Data block: Begin

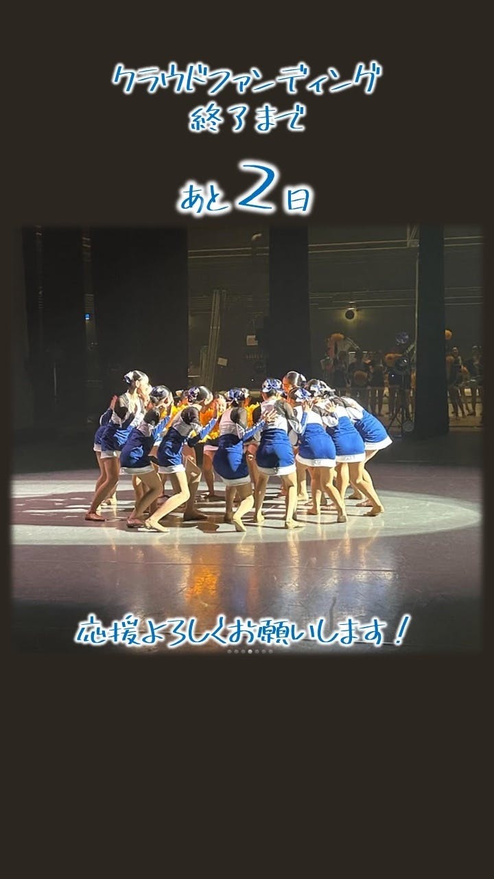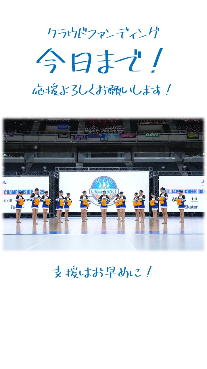 2026/02/27 12:36ご支援、シェア、いいねなどありがとうございます!早いもので、プロジェクト終了まであと2日となりました。明日で本プロジェクトは終了となります。迷っておられる方は、ぜひプロジェクトや活動報告、支援者の皆様からのコメントをご覧いただき、ご支援のご検討いただけますと幸いです。百合学院中学校チアダンス部Liliesは、2026 ICU 世界ジュニアチアリーディング選手権大会に日本代表として出場します。遠征費(保護者負担)軽減のため、ご支援いただけますと幸いです。いいねやシェアも、我々や選手たちの力となります。世界への挑戦、応援よろしくお願いします! もっと見る支援者数が200人を超えました!
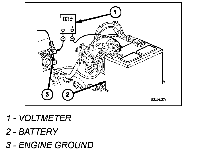 4. Connect voltmeter to measure between negative battery terminal post and a good clean ground on engine block. Rotate and hold ignition switch in Start position. Observe voltmeter. If reading is above 0.2 volt, clean and tighten negative battery cable attachment on engine block. Repeat test. If reading is still above 0.2 volt, replace faulty negative battery cable. Note: Certain diesel equipped models use dual batteries. If equipped with dual battery system, this procedure must be performed twice, once for each battery.
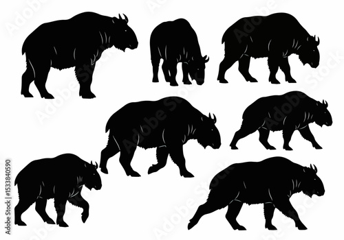 Dragon silhouette collection, fantasy creature icons, flying beast vector, mythical reptile shapes, black winged monster, medieval design elements
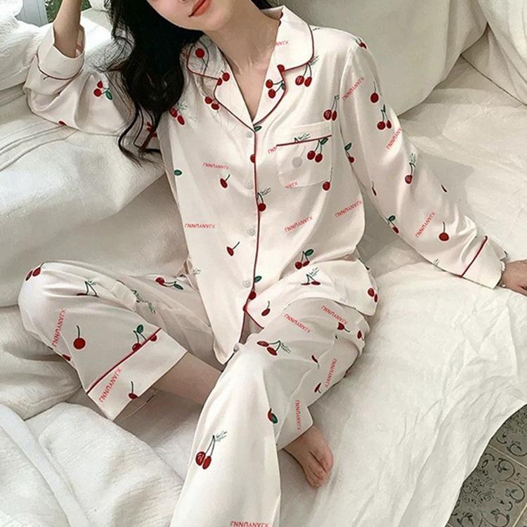 Пижама из ледяного шелка женская с длинным рукавом кружевная премиум-класса Sense из двух частей милая домашняя одежда XXL белый

Data block: End

Action item >>
Please print the data above once more, exactly and without images.

Task result >>
 2026/02/27 12:36ご支援、シェア、いいねなどありがとうございます!早いもので、プロジェクト終了まであと2日となりました。明日で本プロジェクトは終了となります。迷っておられる方は、ぜひプロジェクトや活動報告、支援者の皆様からのコメントをご覧いただき、ご支援のご検討いただけますと幸いです。百合学院中学校チアダンス部Liliesは、2026 ICU 世界ジュニアチアリーディング選手権大会に日本代表として出場します。遠征費(保護者負担)軽減のため、ご支援いただけますと幸いです。いいねやシェアも、我々や選手たちの力となります。世界への挑戦、応援よろしくお願いします! もっと見る支援者数が200人を超えました!
 4. Connect voltmeter to measure between negative battery terminal post and a good clean ground on engine block. Rotate and hold ignition switch in Start position. Observe voltmeter. If reading is above 0.2 volt, clean and tighten negative battery cable attachment on engine block. Repeat test. If reading is still above 0.2 volt, replace faulty negative battery cable. Note: Certain diesel equipped models use dual batteries. If equipped with dual battery system, this procedure must be performed twice, once for each battery.
 Dragon silhouette collection, fantasy creature icons, flying beast vector, mythical reptile shapes, black winged monster, medieval design elements
 Пижама из ледяного шелка женская с длинным рукавом кружевная премиум-класса Sense из двух частей милая домашняя одежда XXL белый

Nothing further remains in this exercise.